◆ TASK INSTRUCTIONS: Would you transcribe the listing that follows, character for character, and omit its images?

◆ PROVIDED MATERIAL:
● ● ● ● ● ● ●
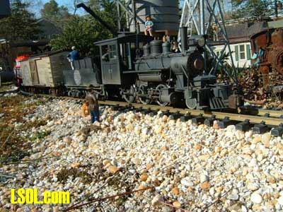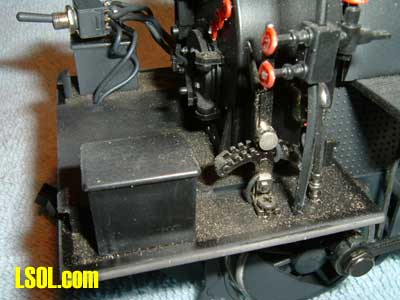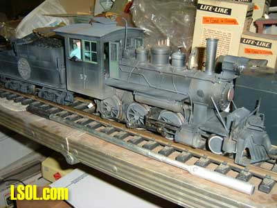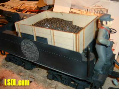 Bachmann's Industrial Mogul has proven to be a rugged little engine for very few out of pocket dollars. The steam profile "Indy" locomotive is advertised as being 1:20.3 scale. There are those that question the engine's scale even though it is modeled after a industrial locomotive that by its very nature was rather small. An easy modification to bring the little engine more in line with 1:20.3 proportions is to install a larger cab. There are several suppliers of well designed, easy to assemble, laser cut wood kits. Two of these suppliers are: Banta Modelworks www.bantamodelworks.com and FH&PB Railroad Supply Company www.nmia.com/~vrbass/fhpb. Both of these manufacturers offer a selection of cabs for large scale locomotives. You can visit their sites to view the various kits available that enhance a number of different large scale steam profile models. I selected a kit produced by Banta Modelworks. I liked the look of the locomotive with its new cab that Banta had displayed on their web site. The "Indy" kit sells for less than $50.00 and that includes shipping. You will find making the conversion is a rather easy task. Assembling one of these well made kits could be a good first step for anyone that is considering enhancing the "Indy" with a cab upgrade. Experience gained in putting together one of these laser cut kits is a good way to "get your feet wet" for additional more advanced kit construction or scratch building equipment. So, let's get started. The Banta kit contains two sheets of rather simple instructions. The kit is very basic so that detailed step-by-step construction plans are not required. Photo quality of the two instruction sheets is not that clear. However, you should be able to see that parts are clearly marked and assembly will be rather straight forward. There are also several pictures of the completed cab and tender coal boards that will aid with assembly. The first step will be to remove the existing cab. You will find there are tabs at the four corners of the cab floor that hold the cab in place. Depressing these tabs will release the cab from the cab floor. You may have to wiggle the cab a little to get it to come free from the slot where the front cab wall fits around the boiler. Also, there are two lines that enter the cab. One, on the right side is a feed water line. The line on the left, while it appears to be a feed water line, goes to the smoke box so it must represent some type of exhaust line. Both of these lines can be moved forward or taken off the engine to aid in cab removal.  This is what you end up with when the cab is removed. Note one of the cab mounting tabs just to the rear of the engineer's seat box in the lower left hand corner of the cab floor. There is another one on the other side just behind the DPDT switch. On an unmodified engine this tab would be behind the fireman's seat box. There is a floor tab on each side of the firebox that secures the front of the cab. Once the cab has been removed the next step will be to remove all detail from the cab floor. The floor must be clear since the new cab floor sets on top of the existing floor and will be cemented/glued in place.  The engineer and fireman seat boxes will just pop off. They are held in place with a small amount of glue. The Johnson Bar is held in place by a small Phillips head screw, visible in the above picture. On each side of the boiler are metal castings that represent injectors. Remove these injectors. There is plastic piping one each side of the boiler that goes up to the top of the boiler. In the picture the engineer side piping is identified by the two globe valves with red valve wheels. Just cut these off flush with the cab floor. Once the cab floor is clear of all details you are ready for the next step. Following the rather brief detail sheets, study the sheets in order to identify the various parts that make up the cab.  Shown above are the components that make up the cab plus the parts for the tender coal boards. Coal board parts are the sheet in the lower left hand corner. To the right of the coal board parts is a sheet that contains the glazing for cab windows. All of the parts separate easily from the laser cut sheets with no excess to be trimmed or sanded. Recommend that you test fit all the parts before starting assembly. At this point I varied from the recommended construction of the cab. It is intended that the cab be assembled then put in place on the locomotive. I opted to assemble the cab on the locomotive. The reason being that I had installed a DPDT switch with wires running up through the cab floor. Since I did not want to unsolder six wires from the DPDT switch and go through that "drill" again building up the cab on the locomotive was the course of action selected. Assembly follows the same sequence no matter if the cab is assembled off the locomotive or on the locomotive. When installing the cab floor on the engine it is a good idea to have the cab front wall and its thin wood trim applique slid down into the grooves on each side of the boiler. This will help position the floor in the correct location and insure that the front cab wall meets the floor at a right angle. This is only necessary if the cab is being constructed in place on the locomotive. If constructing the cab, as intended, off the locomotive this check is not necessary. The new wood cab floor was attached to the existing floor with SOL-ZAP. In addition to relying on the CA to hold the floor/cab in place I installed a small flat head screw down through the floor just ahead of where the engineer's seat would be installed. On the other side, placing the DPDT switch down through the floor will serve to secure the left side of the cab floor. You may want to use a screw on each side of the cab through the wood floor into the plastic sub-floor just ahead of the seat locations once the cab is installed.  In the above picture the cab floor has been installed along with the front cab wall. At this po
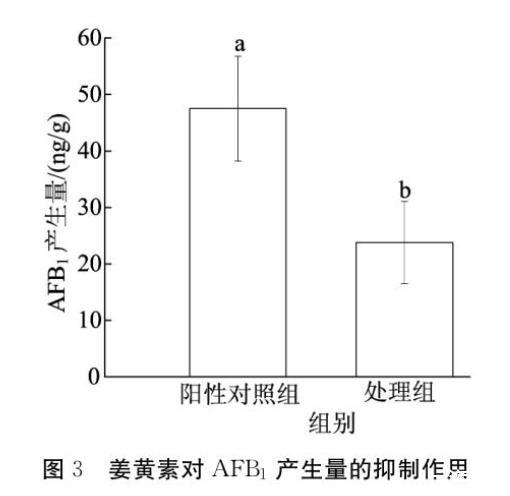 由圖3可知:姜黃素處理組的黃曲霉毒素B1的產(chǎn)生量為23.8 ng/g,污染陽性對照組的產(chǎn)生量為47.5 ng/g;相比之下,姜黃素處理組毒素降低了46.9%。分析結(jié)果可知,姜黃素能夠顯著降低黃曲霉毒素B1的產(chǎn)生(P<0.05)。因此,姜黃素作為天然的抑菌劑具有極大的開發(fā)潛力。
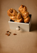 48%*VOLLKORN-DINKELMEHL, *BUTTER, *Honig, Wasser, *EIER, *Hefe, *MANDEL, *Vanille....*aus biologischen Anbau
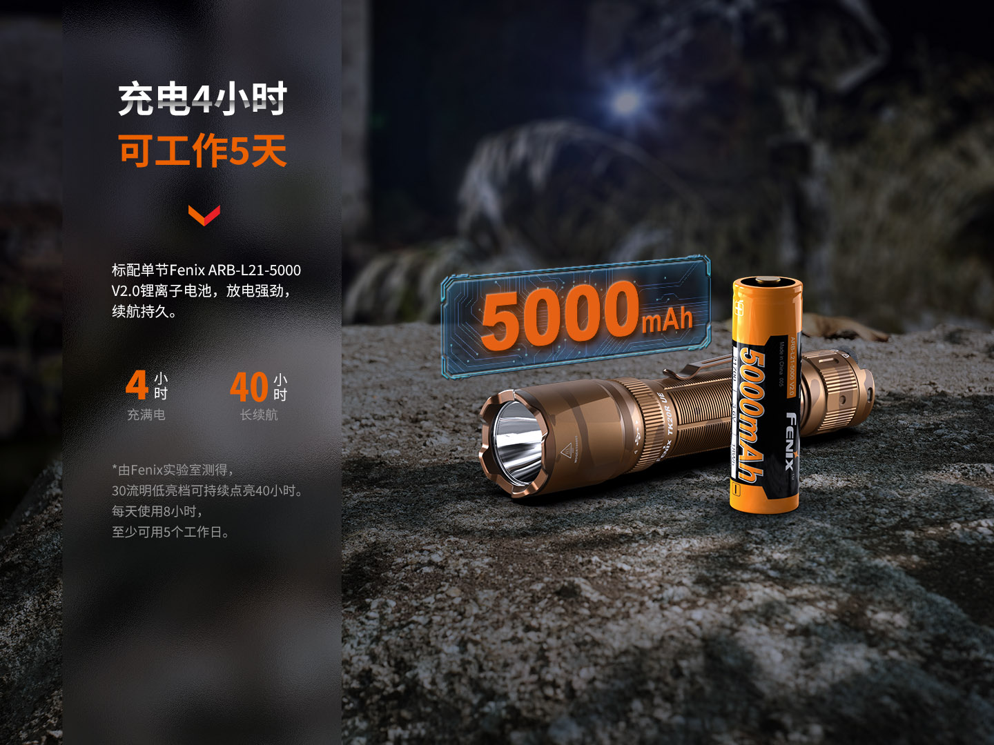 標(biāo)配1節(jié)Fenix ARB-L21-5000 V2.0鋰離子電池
● ● ● ● ● ● ●
◆ EXERCISE RESPONSE:
 Bachmann's Industrial Mogul has proven to be a rugged little engine for very few out of pocket dollars. The steam profile "Indy" locomotive is advertised as being 1:20.3 scale. There are those that question the engine's scale even though it is modeled after a industrial locomotive that by its very nature was rather small. An easy modification to bring the little engine more in line with 1:20.3 proportions is to install a larger cab. There are several suppliers of well designed, easy to assemble, laser cut wood kits. Two of these suppliers are: Banta Modelworks www.bantamodelworks.com and FH&PB Railroad Supply Company www.nmia.com/~vrbass/fhpb. Both of these manufacturers offer a selection of cabs for large scale locomotives. You can visit their sites to view the various kits available that enhance a number of different large scale steam profile models. I selected a kit produced by Banta Modelworks. I liked the look of the locomotive with its new cab that Banta had displayed on their web site. The "Indy" kit sells for less than $50.00 and that includes shipping. You will find making the conversion is a rather easy task. Assembling one of these well made kits could be a good first step for anyone that is considering enhancing the "Indy" with a cab upgrade. Experience gained in putting together one of these laser cut kits is a good way to "get your feet wet" for additional more advanced kit construction or scratch building equipment. So, let's get started. The Banta kit contains two sheets of rather simple instructions. The kit is very basic so that detailed step-by-step construction plans are not required. Photo quality of the two instruction sheets is not that clear. However, you should be able to see that parts are clearly marked and assembly will be rather straight forward. There are also several pictures of the completed cab and tender coal boards that will aid with assembly. The first step will be to remove the existing cab. You will find there are tabs at the four corners of the cab floor that hold the cab in place. Depressing these tabs will release the cab from the cab floor. You may have to wiggle the cab a little to get it to come free from the slot where the front cab wall fits around the boiler. Also, there are two lines that enter the cab. One, on the right side is a feed water line. The line on the left, while it appears to be a feed water line, goes to the smoke box so it must represent some type of exhaust line. Both of these lines can be moved forward or taken off the engine to aid in cab removal.  This is what you end up with when the cab is removed. Note one of the cab mounting tabs just to the rear of the engineer's seat box in the lower left hand corner of the cab floor. There is another one on the other side just behind the DPDT switch. On an unmodified engine this tab would be behind the fireman's seat box. There is a floor tab on each side of the firebox that secures the front of the cab. Once the cab has been removed the next step will be to remove all detail from the cab floor. The floor must be clear since the new cab floor sets on top of the existing floor and will be cemented/glued in place.  The engineer and fireman seat boxes will just pop off. They are held in place with a small amount of glue. The Johnson Bar is held in place by a small Phillips head screw, visible in the above picture. On each side of the boiler are metal castings that represent injectors. Remove these injectors. There is plastic piping one each side of the boiler that goes up to the top of the boiler. In the picture the engineer side piping is identified by the two globe valves with red valve wheels. Just cut these off flush with the cab floor. Once the cab floor is clear of all details you are ready for the next step. Following the rather brief detail sheets, study the sheets in order to identify the various parts that make up the cab.  Shown above are the components that make up the cab plus the parts for the tender coal boards. Coal board parts are the sheet in the lower left hand corner. To the right of the coal board parts is a sheet that contains the glazing for cab windows. All of the parts separate easily from the laser cut sheets with no excess to be trimmed or sanded. Recommend that you test fit all the parts before starting assembly. At this point I varied from the recommended construction of the cab. It is intended that the cab be assembled then put in place on the locomotive. I opted to assemble the cab on the locomotive. The reason being that I had installed a DPDT switch with wires running up through the cab floor. Since I did not want to unsolder six wires from the DPDT switch and go through that "drill" again building up the cab on the locomotive was the course of action selected. Assembly follows the same sequence no matter if the cab is assembled off the locomotive or on the locomotive. When installing the cab floor on the engine it is a good idea to have the cab front wall and its thin wood trim applique slid down into the grooves on each side of the boiler. This will help position the floor in the correct location and insure that the front cab wall meets the floor at a right angle. This is only necessary if the cab is being constructed in place on the locomotive. If constructing the cab, as intended, off the locomotive this check is not necessary. The new wood cab floor was attached to the existing floor with SOL-ZAP. In addition to relying on the CA to hold the floor/cab in place I installed a small flat head screw down through the floor just ahead of where the engineer's seat would be installed. On the other side, placing the DPDT switch down through the floor will serve to secure the left side of the cab floor. You may want to use a screw on each side of the cab through the wood floor into the plastic sub-floor just ahead of the seat locations once the cab is installed.  In the above picture the cab floor has been installed along with the front cab wall. At this po
 由圖3可知:姜黃素處理組的黃曲霉毒素B1的產(chǎn)生量為23.8 ng/g,污染陽性對照組的產(chǎn)生量為47.5 ng/g;相比之下,姜黃素處理組毒素降低了46.9%。分析結(jié)果可知,姜黃素能夠顯著降低黃曲霉毒素B1的產(chǎn)生(P<0.05)。因此,姜黃素作為天然的抑菌劑具有極大的開發(fā)潛力。
 48%*VOLLKORN-DINKELMEHL, *BUTTER, *Honig, Wasser, *EIER, *Hefe, *MANDEL, *Vanille....*aus biologischen Anbau
 標(biāo)配1節(jié)Fenix ARB-L21-5000 V2.0鋰離子電池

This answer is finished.